* RECORDS PROVIDED *
+-------+

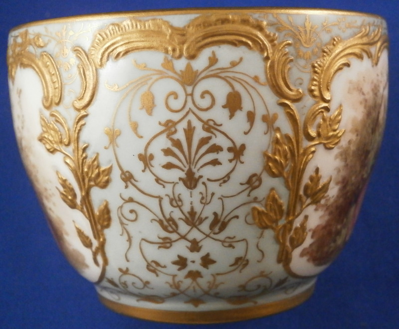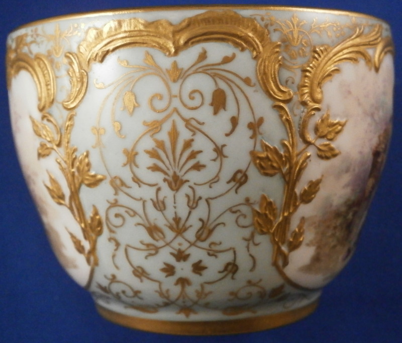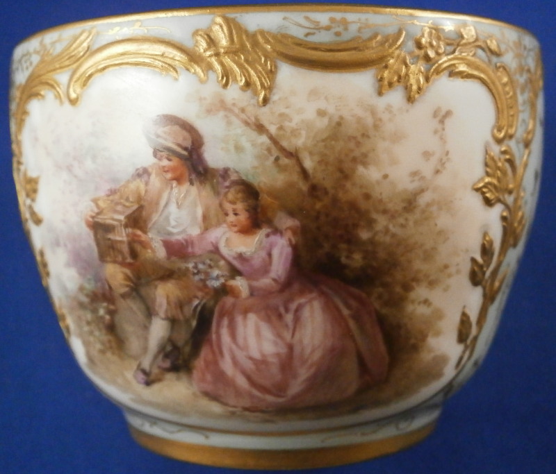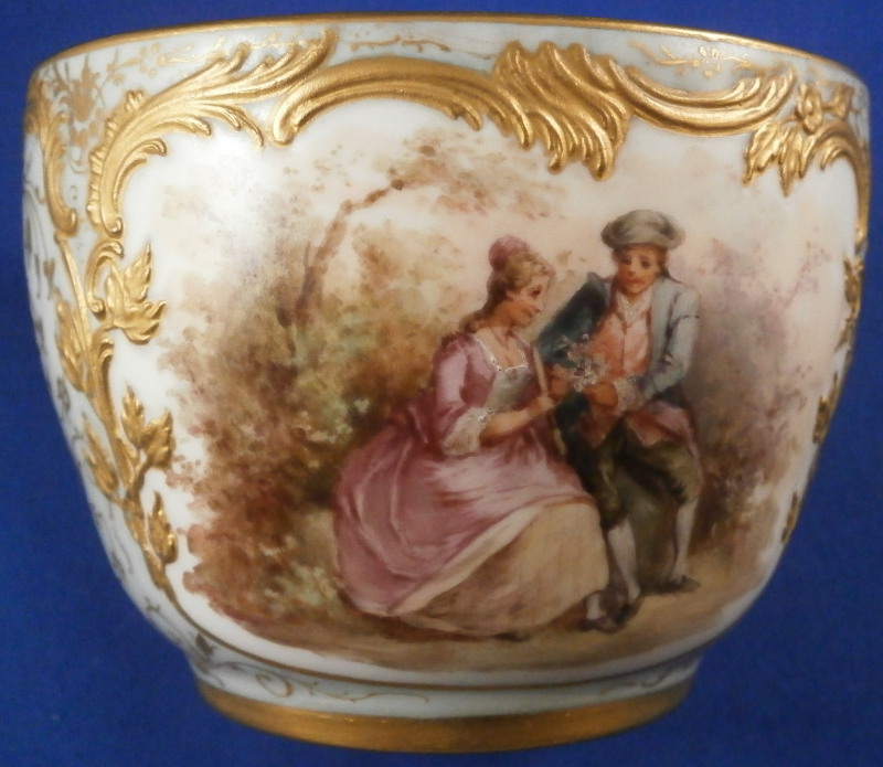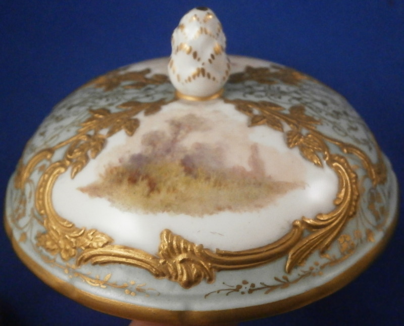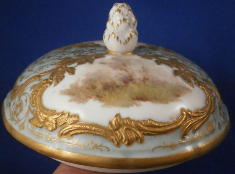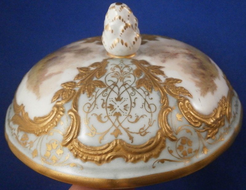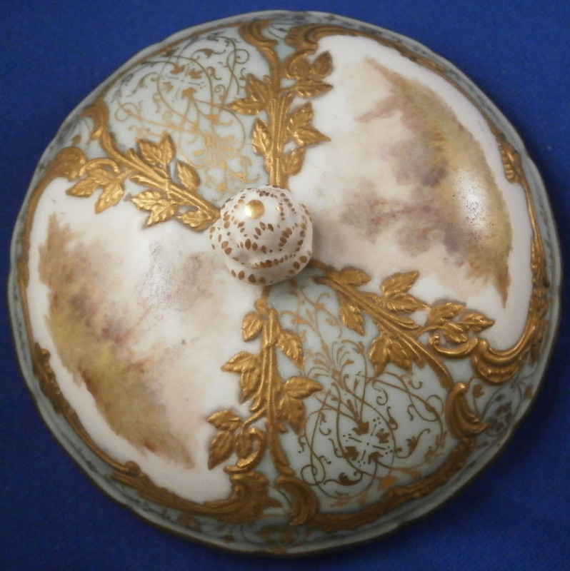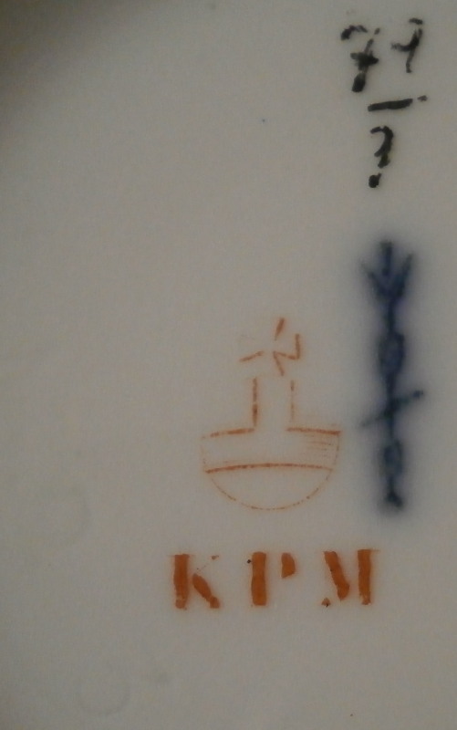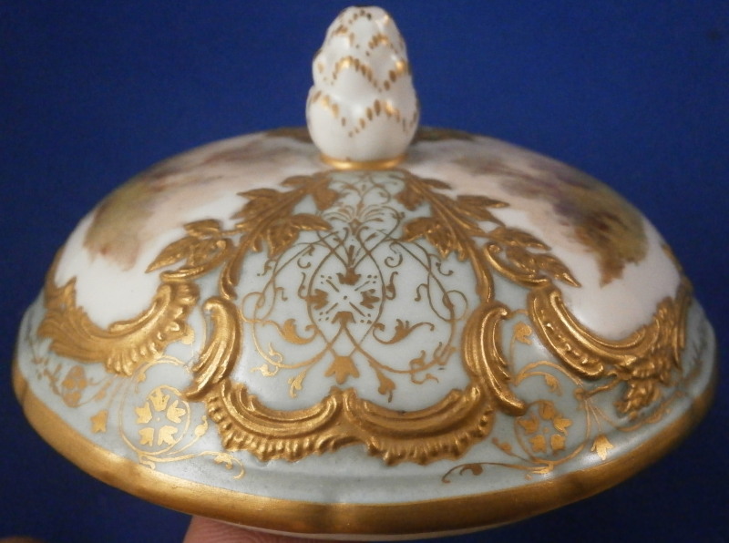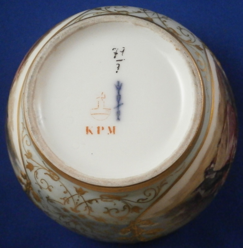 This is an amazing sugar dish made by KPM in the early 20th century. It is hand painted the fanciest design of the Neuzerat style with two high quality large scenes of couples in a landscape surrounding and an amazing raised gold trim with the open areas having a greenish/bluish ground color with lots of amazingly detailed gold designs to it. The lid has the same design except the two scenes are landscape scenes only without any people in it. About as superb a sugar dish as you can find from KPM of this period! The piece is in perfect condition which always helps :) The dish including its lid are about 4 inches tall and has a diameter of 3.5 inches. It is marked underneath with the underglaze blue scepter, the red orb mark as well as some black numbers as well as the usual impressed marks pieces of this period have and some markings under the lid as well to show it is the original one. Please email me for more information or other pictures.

+-------+

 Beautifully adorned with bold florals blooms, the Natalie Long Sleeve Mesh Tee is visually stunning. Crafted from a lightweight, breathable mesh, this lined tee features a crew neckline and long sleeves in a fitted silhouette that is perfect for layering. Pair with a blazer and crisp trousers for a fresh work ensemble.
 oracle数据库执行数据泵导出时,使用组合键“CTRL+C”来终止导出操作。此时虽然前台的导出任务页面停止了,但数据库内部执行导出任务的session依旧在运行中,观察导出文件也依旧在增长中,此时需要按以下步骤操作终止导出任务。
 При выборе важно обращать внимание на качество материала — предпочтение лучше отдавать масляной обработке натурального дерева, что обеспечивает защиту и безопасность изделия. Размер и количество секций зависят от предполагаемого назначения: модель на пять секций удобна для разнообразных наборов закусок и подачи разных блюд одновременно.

+-------+

* TASK TO CARRY OUT *
Using the data above, print exactly the lines from the line that contains "oracle数据库执行数据泵" through the line that contains "При выборе важно", with both included.

* WRITTEN ANSWER *
 oracle数据库执行数据泵导出时,使用组合键“CTRL+C”来终止导出操作。此时虽然前台的导出任务页面停止了,但数据库内部执行导出任务的session依旧在运行中,观察导出文件也依旧在增长中,此时需要按以下步骤操作终止导出任务。
 При выборе важно обращать внимание на качество материала — предпочтение лучше отдавать масляной обработке натурального дерева, что обеспечивает защиту и безопасность изделия. Размер и количество секций зависят от предполагаемого назначения: модель на пять секций удобна для разнообразных наборов закусок и подачи разных блюд одновременно.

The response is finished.